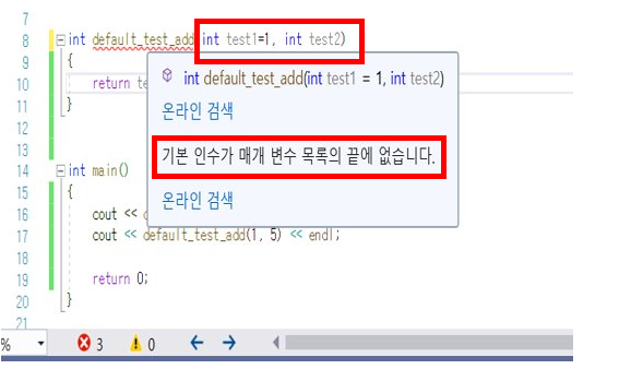 기본 인수가 매개 변수 목록의 끝에 없다는 오류가 나타나는 것을 확인할 수 있습니다.
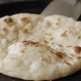 After resting, knead dough well and divide the dough into equal portions. Roll out the naan, make sure it is not too thin and or too thick. Heat a pan on medium heat. Apply little water all over the top side of the naan. We want the naan to stick to the pan while cooking so it does not fall off. Once you've applied water to one side, place the watered side on the pan (it should stick right away). Once you see some bubbles forming on top of the naan, flip the pan on top of the stove. (This is where you want the naan to stick on the pan and not fall off! ). You'll see some burnt marks on naan, remove it from stove flame. Once the naan is cooked well, remove from pan, apply some butter and serve hot!
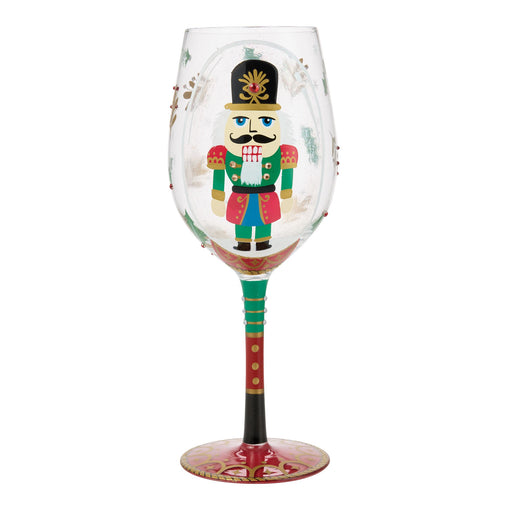 IN STOCK AND AVAILABLE ON 07/15/2026. Celebrate the season with this Lolita wine glass, featuring a cheerful nutcracker in his soldier uniform surr...
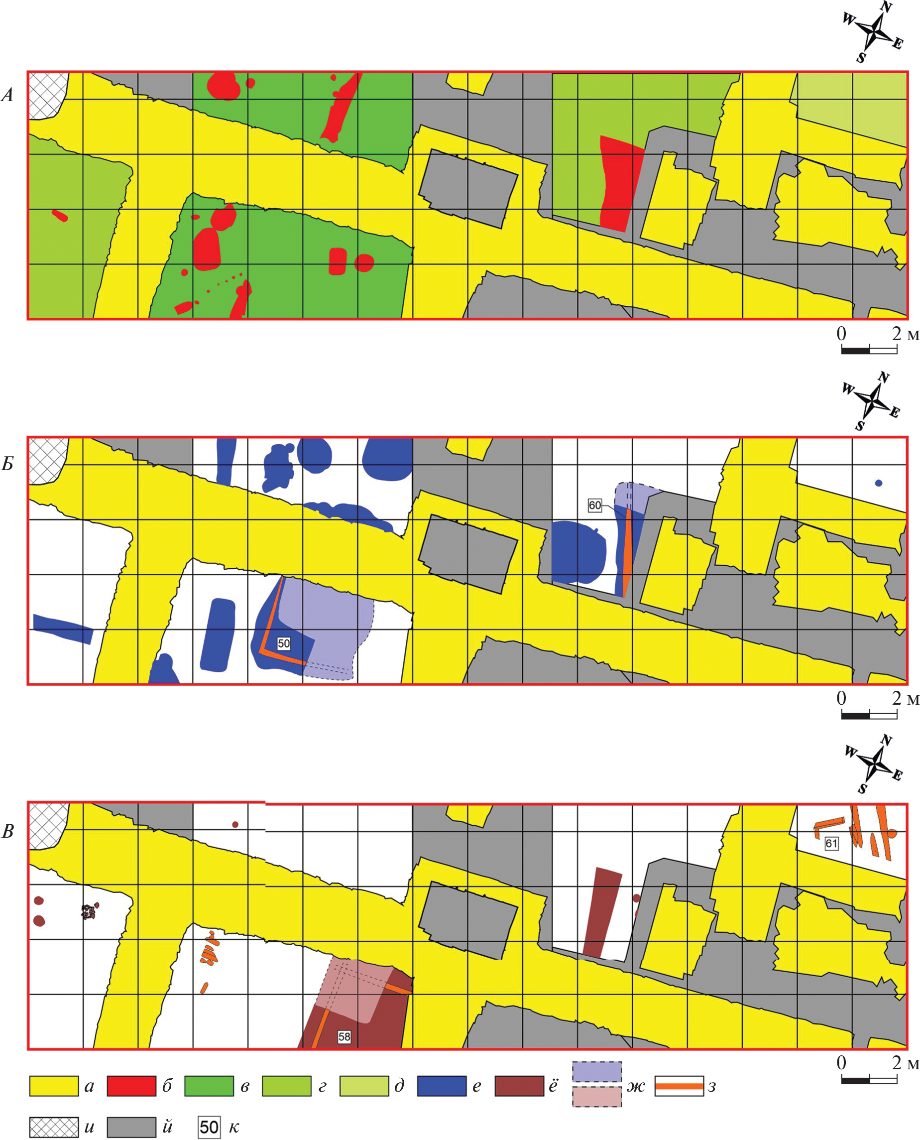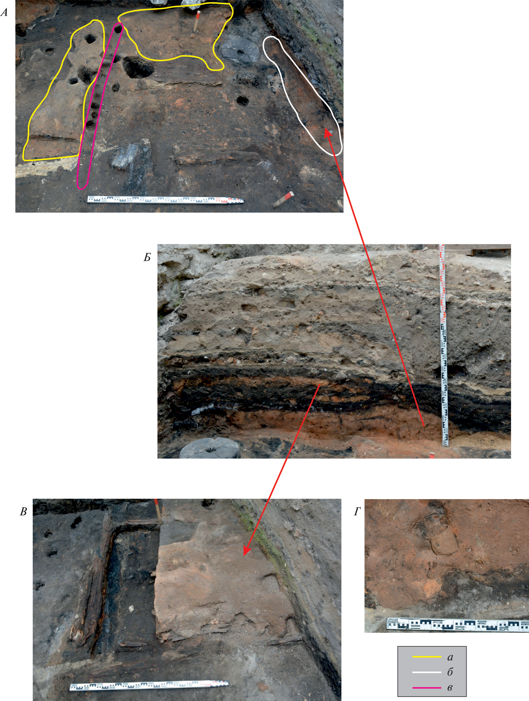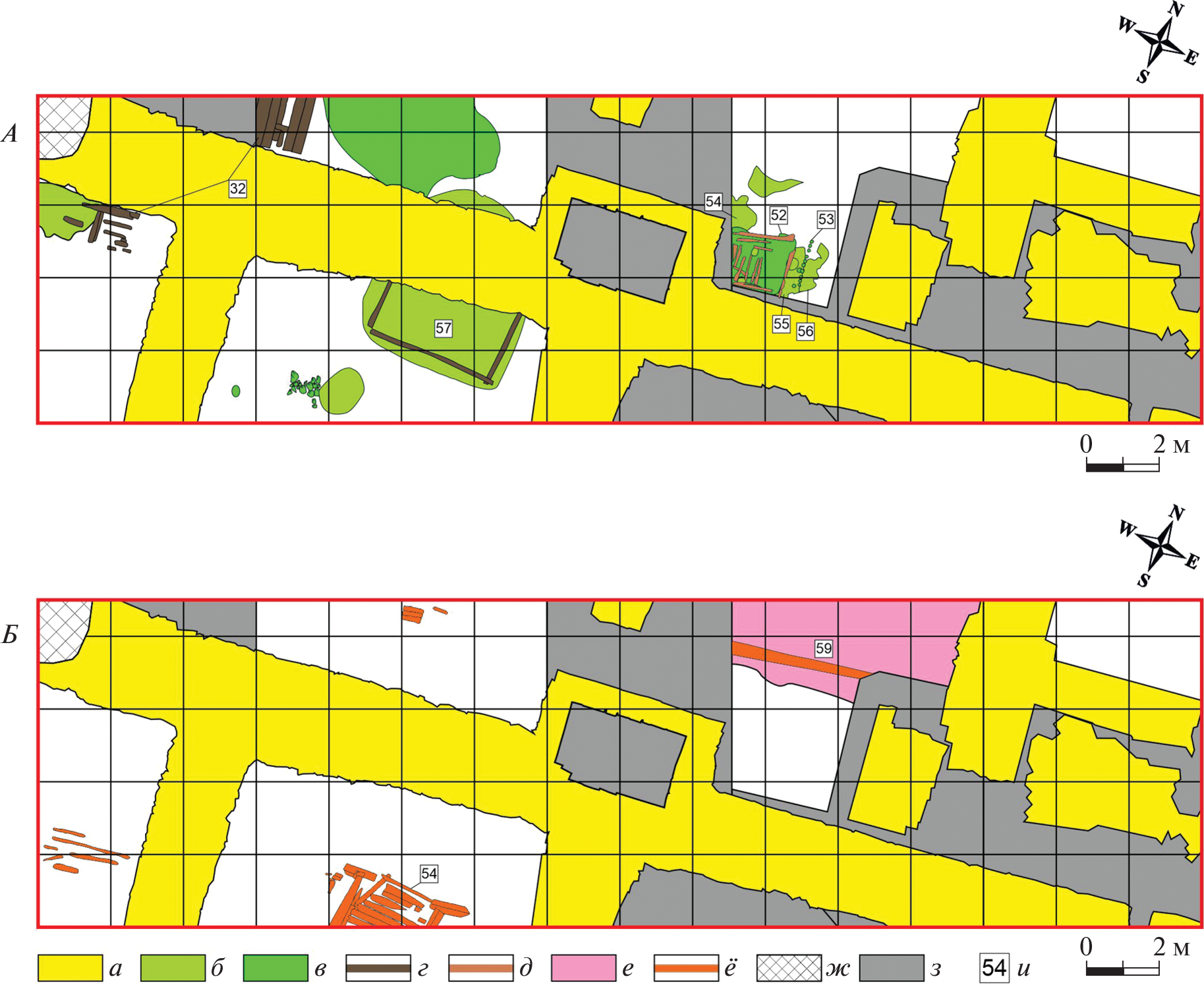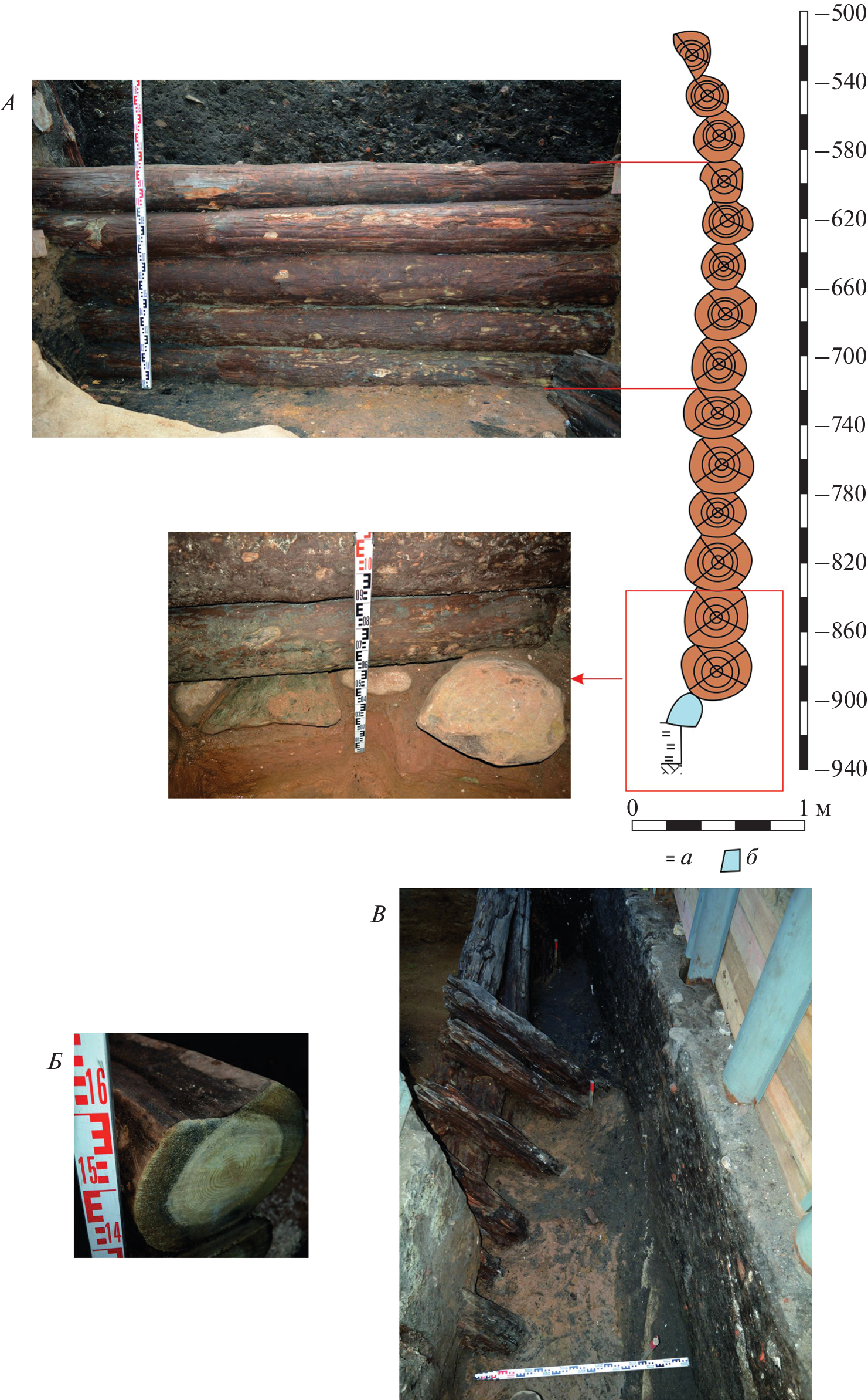 The wooden structures that were part of the manor complexes of the 14th – the first half of the 16th century AD are the remains of above-ground structures and cellars dug into the ground. The latter were log frames placed in a pit dug for them. Most of the log frames were made of oak or young pine and spruce logs, which prevent researchers from obtaining a series of reliable dendrochronological dates. The above-ground (residential and economic) structures have survived in a worse condition, some of them perished in a fire at the end of the 15th century AD. Remains of ovens made of raw bricks are associated with residential buildings. The compact arrangement of the studied structures, the construction of cellars and ovens on the same site testifies to the stable layout of the estate space for a long time – from the 14th to the middle of the 16th century. At the end of the site functioning period, a very large cellar up to 5 m deep appeared on it, which could be related to the temporary court of Ivan III at the end of the 15th century.
--------------------------------
* WHAT NEEDS TO BE DONE *
Exactly as written, restate the listing above with its pictures omitted.

* RESPONSE FOR THIS EXERCISE *
 기본 인수가 매개 변수 목록의 끝에 없다는 오류가 나타나는 것을 확인할 수 있습니다.
 After resting, knead dough well and divide the dough into equal portions. Roll out the naan, make sure it is not too thin and or too thick. Heat a pan on medium heat. Apply little water all over the top side of the naan. We want the naan to stick to the pan while cooking so it does not fall off. Once you've applied water to one side, place the watered side on the pan (it should stick right away). Once you see some bubbles forming on top of the naan, flip the pan on top of the stove. (This is where you want the naan to stick on the pan and not fall off! ). You'll see some burnt marks on naan, remove it from stove flame. Once the naan is cooked well, remove from pan, apply some butter and serve hot!
 IN STOCK AND AVAILABLE ON 07/15/2026. Celebrate the season with this Lolita wine glass, featuring a cheerful nutcracker in his soldier uniform surr...
 The wooden structures that were part of the manor complexes of the 14th – the first half of the 16th century AD are the remains of above-ground structures and cellars dug into the ground. The latter were log frames placed in a pit dug for them. Most of the log frames were made of oak or young pine and spruce logs, which prevent researchers from obtaining a series of reliable dendrochronological dates. The above-ground (residential and economic) structures have survived in a worse condition, some of them perished in a fire at the end of the 15th century AD. Remains of ovens made of raw bricks are associated with residential buildings. The compact arrangement of the studied structures, the construction of cellars and ovens on the same site testifies to the stable layout of the estate space for a long time – from the 14th to the middle of the 16th century. At the end of the site functioning period, a very large cellar up to 5 m deep appeared on it, which could be related to the temporary court of Ivan III at the end of the 15th century.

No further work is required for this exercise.